**Prompt:**
Write back, word for word, the lines from the one containing "Marcos with baby Zahara's first racquet" to the end of the listing below. Include nothing else, and no pictures.

(Beginning of Given data)

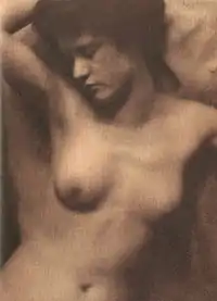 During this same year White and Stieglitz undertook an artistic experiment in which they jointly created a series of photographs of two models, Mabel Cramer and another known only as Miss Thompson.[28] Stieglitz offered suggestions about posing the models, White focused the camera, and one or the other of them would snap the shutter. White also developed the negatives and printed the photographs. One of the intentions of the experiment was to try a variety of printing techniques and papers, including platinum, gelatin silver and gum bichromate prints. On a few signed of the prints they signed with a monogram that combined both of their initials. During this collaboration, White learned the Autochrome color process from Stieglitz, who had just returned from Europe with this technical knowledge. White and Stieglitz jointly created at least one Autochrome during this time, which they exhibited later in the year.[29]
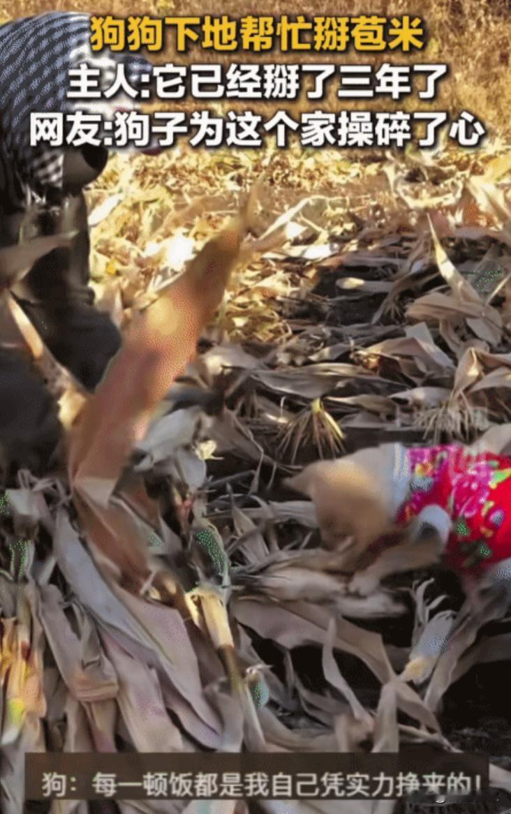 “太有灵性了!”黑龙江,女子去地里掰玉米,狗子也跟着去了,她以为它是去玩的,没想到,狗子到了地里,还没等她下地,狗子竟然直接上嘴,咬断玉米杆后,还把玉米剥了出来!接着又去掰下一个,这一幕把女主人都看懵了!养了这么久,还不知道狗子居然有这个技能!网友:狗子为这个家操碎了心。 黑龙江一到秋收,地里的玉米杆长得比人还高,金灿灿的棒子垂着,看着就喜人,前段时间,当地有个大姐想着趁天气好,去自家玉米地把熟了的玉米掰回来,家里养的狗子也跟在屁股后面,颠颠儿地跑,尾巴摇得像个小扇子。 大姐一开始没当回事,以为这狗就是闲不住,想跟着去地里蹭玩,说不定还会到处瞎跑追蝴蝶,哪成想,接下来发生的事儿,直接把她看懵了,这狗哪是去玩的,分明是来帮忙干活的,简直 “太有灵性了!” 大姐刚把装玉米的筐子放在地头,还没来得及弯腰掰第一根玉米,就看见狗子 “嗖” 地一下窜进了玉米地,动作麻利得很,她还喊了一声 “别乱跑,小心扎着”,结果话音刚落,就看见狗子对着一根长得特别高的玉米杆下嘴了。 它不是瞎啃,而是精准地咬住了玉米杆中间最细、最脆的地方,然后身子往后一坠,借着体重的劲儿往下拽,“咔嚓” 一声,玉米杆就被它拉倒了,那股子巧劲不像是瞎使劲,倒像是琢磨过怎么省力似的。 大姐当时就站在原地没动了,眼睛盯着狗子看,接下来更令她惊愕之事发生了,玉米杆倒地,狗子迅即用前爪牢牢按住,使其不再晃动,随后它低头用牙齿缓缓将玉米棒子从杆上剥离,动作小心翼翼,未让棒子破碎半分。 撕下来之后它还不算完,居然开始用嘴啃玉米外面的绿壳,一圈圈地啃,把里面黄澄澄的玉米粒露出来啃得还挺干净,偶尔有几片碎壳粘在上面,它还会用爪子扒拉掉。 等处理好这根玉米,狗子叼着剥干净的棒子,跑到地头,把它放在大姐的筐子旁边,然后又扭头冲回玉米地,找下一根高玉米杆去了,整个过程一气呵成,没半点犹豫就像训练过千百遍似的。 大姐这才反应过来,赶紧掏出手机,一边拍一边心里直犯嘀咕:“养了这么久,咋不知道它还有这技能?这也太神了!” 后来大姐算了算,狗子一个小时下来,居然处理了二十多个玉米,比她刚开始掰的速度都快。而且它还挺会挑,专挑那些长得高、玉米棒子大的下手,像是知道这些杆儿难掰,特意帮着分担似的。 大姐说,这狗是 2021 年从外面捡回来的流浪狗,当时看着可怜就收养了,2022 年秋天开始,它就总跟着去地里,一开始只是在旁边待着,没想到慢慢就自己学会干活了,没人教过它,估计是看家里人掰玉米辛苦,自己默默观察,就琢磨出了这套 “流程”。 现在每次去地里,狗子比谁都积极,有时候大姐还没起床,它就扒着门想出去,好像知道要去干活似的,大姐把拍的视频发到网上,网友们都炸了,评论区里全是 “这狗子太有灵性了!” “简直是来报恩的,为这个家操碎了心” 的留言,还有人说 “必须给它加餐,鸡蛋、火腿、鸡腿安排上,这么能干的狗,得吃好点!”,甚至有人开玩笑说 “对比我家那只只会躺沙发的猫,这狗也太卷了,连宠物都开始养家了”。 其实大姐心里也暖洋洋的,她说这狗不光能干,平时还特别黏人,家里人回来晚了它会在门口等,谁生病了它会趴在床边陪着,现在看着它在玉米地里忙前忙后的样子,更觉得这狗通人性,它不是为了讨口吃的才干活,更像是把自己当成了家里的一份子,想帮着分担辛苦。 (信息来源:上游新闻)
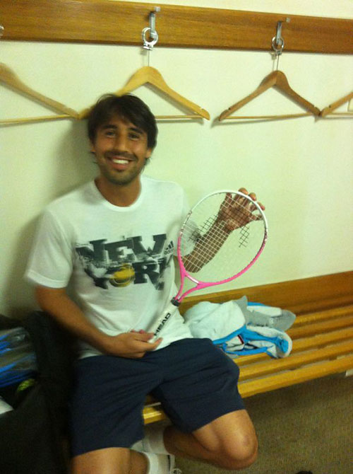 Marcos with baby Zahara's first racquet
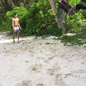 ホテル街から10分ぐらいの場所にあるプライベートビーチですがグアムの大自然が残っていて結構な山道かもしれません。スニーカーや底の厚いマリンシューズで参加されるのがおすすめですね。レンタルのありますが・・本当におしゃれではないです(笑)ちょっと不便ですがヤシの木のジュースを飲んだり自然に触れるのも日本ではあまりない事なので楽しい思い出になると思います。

(End of Given data)

**Task response:**
 Marcos with baby Zahara's first racquet
 ホテル街から10分ぐらいの場所にあるプライベートビーチですがグアムの大自然が残っていて結構な山道かもしれません。スニーカーや底の厚いマリンシューズで参加されるのがおすすめですね。レンタルのありますが・・本当におしゃれではないです(笑)ちょっと不便ですがヤシの木のジュースを飲んだり自然に触れるのも日本ではあまりない事なので楽しい思い出になると思います。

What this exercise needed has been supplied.